§ **TASK DIRECTIONS**
In the data below, find the line that contains "Ретро стальной будильник" and the line that contains "Milk Touch オールデイスキンフィットミルキーグロウクッション". Copy both, plus every line between them, exactly.

§ **RECORDS SHOWN**
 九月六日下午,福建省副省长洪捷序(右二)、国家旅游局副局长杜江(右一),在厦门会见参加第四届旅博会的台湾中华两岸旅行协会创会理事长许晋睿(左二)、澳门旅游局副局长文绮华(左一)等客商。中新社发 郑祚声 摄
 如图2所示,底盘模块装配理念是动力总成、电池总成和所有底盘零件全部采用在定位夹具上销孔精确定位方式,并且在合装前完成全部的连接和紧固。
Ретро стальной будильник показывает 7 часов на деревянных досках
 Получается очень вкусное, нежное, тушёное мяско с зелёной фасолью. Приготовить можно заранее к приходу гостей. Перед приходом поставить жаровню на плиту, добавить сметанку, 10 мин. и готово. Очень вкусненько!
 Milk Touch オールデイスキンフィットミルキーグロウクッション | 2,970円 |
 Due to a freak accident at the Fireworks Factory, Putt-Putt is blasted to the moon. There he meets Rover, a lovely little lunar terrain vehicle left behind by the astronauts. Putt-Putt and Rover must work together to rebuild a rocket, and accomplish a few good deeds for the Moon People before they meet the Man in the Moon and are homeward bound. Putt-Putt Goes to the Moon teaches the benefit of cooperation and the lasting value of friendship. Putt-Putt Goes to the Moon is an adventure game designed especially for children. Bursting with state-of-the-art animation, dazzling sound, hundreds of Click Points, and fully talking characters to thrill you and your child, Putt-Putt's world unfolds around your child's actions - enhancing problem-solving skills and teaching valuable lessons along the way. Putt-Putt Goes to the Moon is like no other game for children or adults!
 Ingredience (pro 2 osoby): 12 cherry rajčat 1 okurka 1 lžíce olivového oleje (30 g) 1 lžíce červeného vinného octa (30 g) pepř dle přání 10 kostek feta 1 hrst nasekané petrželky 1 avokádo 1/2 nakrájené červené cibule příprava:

§ **ANSWER TO THIS TASK**
Ретро стальной будильник показывает 7 часов на деревянных досках
 Получается очень вкусное, нежное, тушёное мяско с зелёной фасолью. Приготовить можно заранее к приходу гостей. Перед приходом поставить жаровню на плиту, добавить сметанку, 10 мин. и готово. Очень вкусненько!
 Milk Touch オールデイスキンフィットミルキーグロウクッション | 2,970円 |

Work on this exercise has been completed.